No dije nada. No sabía cuáles habían sido mis expectativas antes de ver a Victoria, desde luego no eran estas. A veces, durante las largas jornadas de trabajo junto a Malchuskin, me habían invadido ilusiones e ideales románticos que trataba de calmar pensando que quizás uno u otro tendríamos que someternos a un período de adaptación. En ningún caso me imaginé que flotarían tales niveles de resentimiento en el ambiente. Pensaba que ambos colaboraríamos en hacer realidad la relación que nuestros padres nos arreglaron, que le daríamos forma de algún modo, hasta que se convirtiera en una relación real y puede que incluso de amor. Nunca sospeché que el punto de vista de Victoria fuera a ser tan distinto. Ella consideraba que yo disfrutaba de una vida llena de una serie de ventajas a las que ella no podría acceder jamás.
Nos quedamos en la plataforma. No era tan tonto como para no advertir la ironía en el comentario de Victoria sobre volver a la habitación. De cualquier manera, sentía que, aunque por diferentes razones, ambos deseábamos seguir allí sentados.

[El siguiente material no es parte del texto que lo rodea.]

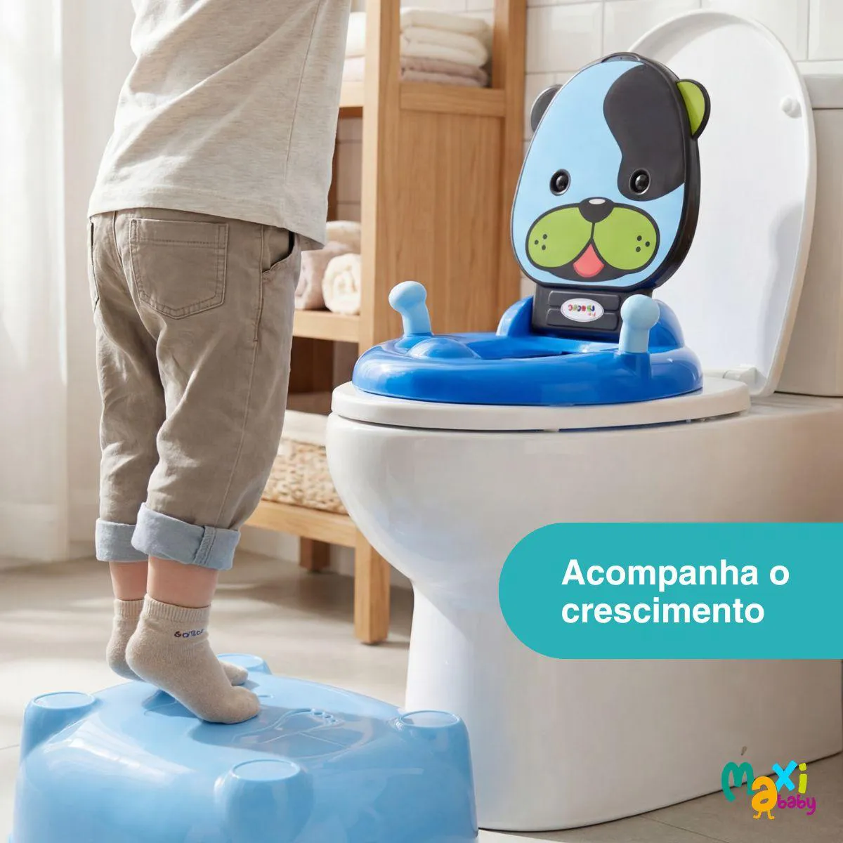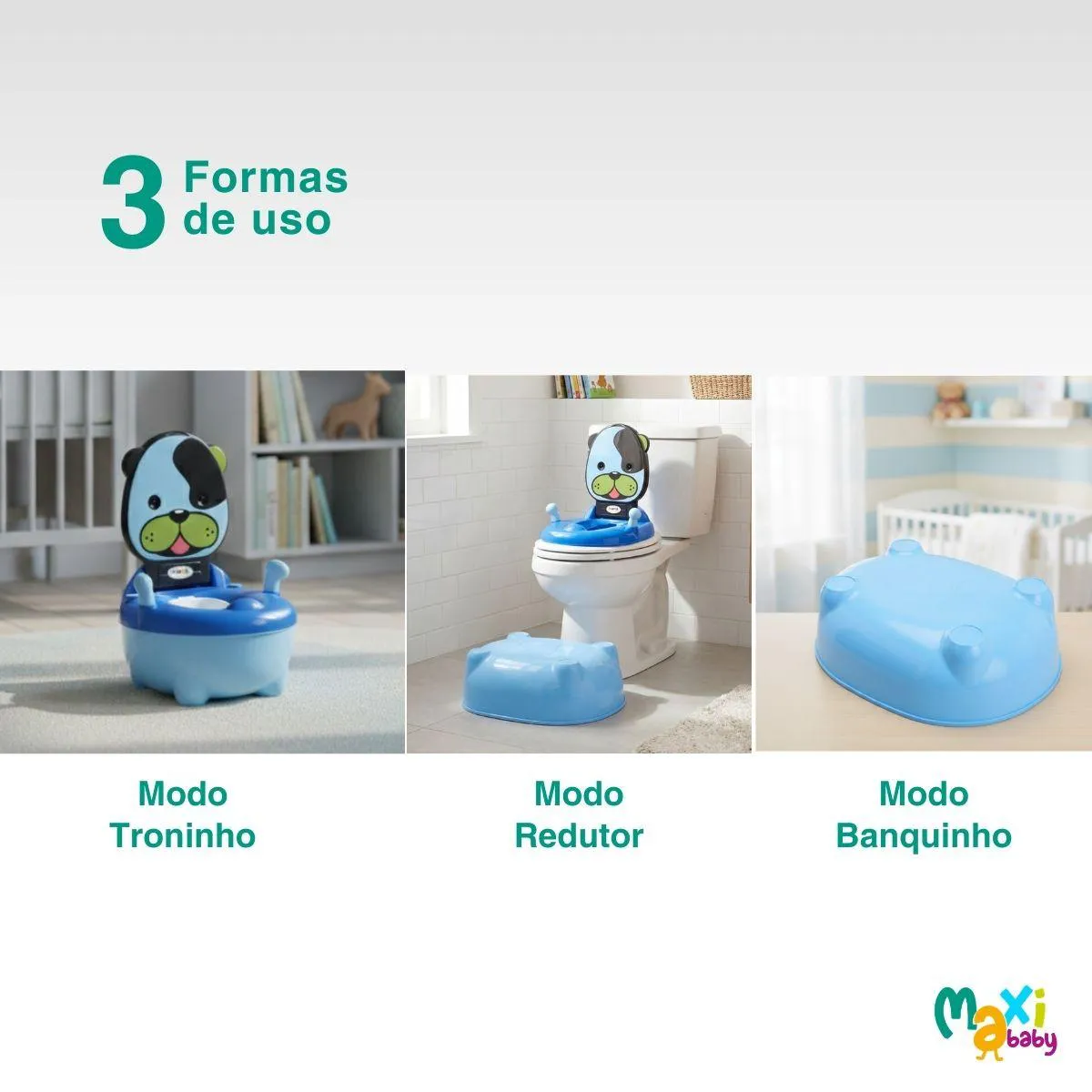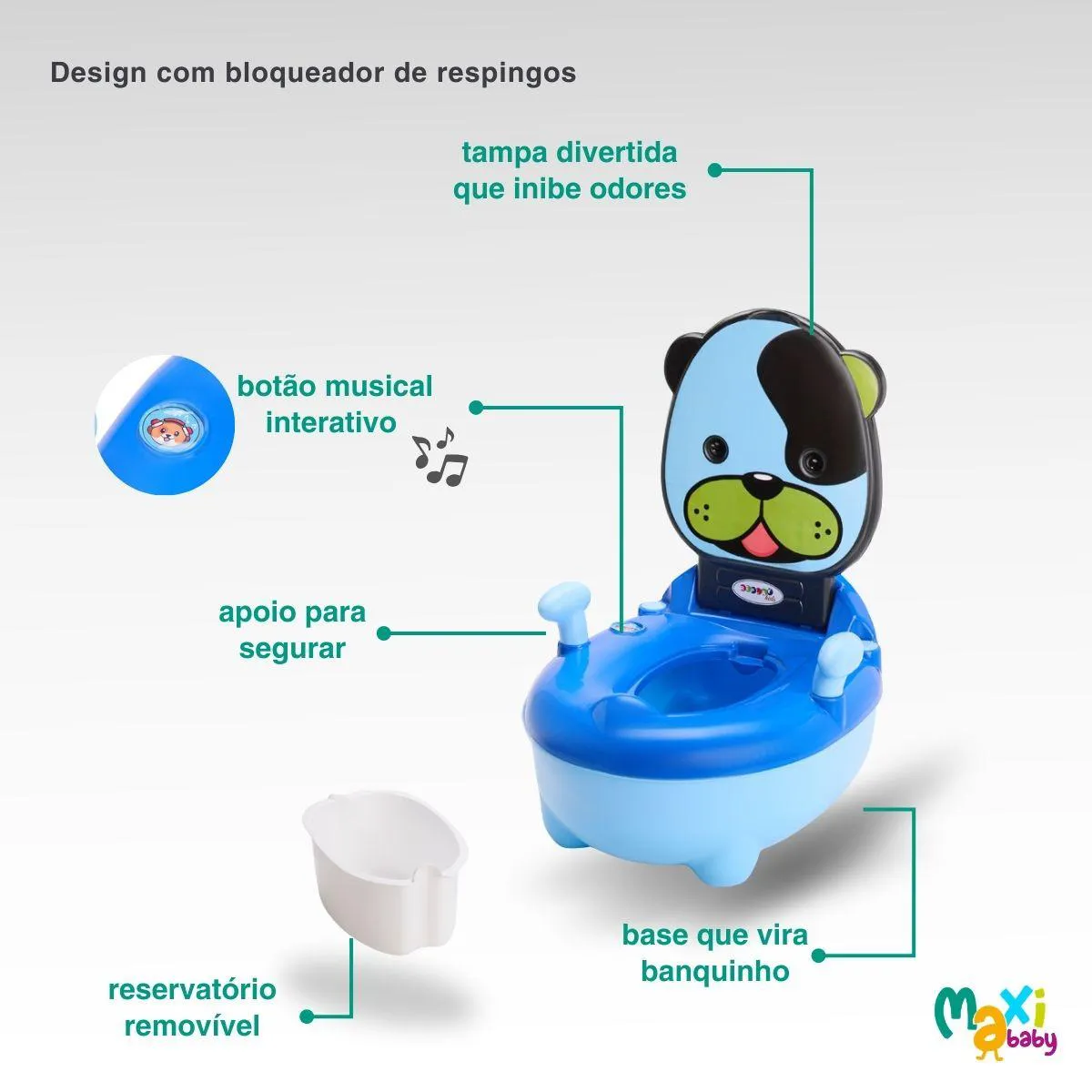 O que é e para que serve o Troninho Penico infantil Musical Desfralde Que Vira Banquinho Cachorro Azul Maxi Baby?

Por mi parte, tras pasar tantos días fuera, los muros de la ciudad y sus habitaciones me producían claustrofobia. Me gustaba el aire libre. Supuse que Victoria consideraba aquel lugar lo más cercano a salir al exterior que disfrutaría en su vida. A pesar de todo, los campos ondulados al este de la ciudad también servían de recordatorio de lo que acababa de descubrir y que tanto nos separaba.

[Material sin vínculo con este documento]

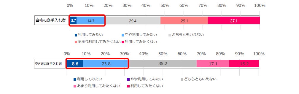 庭木の枝の成長を安全に遅らせることができるトータルグリーンの「枝伸び抑制サービス」の利用意向についてもお聞きしました。空き家の庭で約32.4%が「利用してみたい」または「やや利用してみたい」と回答しました。自宅の庭では約18.4%となり、空き家の管理ニーズがより高いことが見られます(表13)。利用したい理由としては自宅の庭・空き家の庭共通で「体力的負担が減る」と感じる人が多く、空き家の庭では「時間・労力の節約でコスパが良さそう」が約50.0%、「ご近所への配慮など精神的負担が減る」が約35.3%と高くなりました。自宅より空き家の庭で負担軽減のニーズが高いことが、改めて明らかになりました(表14)。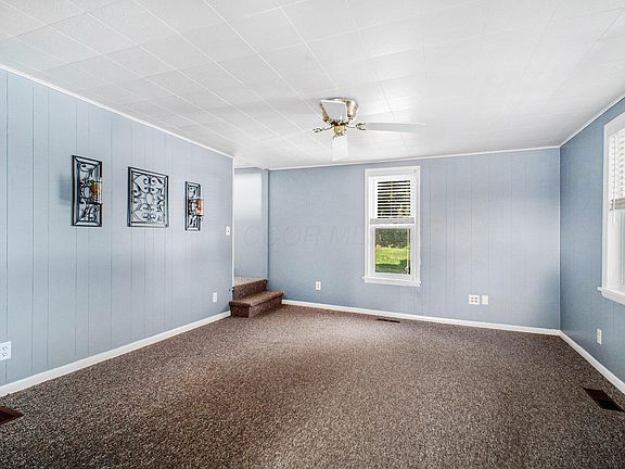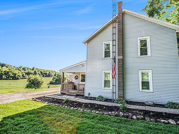 Welcome to this lovely homestead nestled on 4 sprawling acres in scenic Lucas! Stepping inside the front door, you'll be greeted by a generous sized entry with a closet, and plenty of space for shoes and coats. Also on the main floor, you'll find the primary bedroom, formal dining area with a view of the rolling hills, a galley style kitchen, the full bathroom, and the living room. Off the kitchen is the laundry area, which has an exterior door, making it convenient to come in from enjoying the outdoors. On the second floor, you can take advantage of 3 more bedrooms and a spacious half bathroom. The garage, basement, and attic provide ample storage, and the acreage will allow for all of your livestock and gardening dreams to come true! Come take a look and envision country life at its finest!

—Podrías pedir que te transfirieran a un gremio —dije pasado un rato—. Estoy seguro de que…
—Soy del sexo equivocado —respondió bruscamente—. Es solo para hombres, ¿o no te has dado cuenta?
—No…
—A mí no me ha llevado mucho tiempo darme cuenta de algunas cosas —continuó, hablando rápidamente y sin molestarse en reprimir la amargura en sus palabras—. Lo he visto durante toda mi vida y nunca fui capaz de reconocerlo: mi padre, siempre fuera de la ciudad; mi madre, organizando todas esas cosas a las que no damos importancia como la comida, la calefacción o el alcantarillado. Ahora lo veo todo claro. Las mujeres son demasiado valiosas para que se arriesguen a dejarlas salir de la ciudad. Se las necesita para parir y se las puede hacer parir una y otra vez. Si no han tenido la suerte de nacer en la ciudad, se las trae de fuera y una vez han cumplido su propósito se las vuelve a expulsar. —Ahí estaba de nuevo el tema candente, esta vez no titubeó—. Sé que el trabajo de fuera de la ciudad ha de ser hecho, y que, sea lo que sea, seguro que tiene sus riesgos… pero a mí no se me ha dado ninguna opción a elegir. Solo por ser una mujer he de estar encerrada en este maldito lugar para aprender cosas fascinantes sobre la producción de comida y, por supuesto, para parir en cuanto me sea posible.
—¿No quieres casarte conmigo? —le pregunté.
—No tengo alternativa.
—Gracias.
Se puso en pie y se encaminó enfadada a los escalones. La seguí de regreso a la habitación. Me quedé en el umbral, observando cómo me daba la espalda; miraba al exterior apoyada en el alféizar de la ventana.
—¿Quieres que me vaya? —dije.
—No… entra y cierra la puerta.
Hice lo que me dijo. Ella no se movió.
—Haré un poco más de té.
—De acuerdo.
El agua del cazo estaba aún templada, tardó apenas un minuto en volver a hervir.
—No tenemos que casarnos —dije.
—Si no eres tú va a ser cualquier otro. —Se dio la vuelta y se sentó a mi lado con su taza de té sintético—. Debes saber que no tengo nada en tu contra, Helward. Nos guste o no, mi vida y la tuya están dominadas por el sistema de gremios. No podemos hacer nada contra eso.
—¿Por qué no? Los sistemas pueden cambiarse.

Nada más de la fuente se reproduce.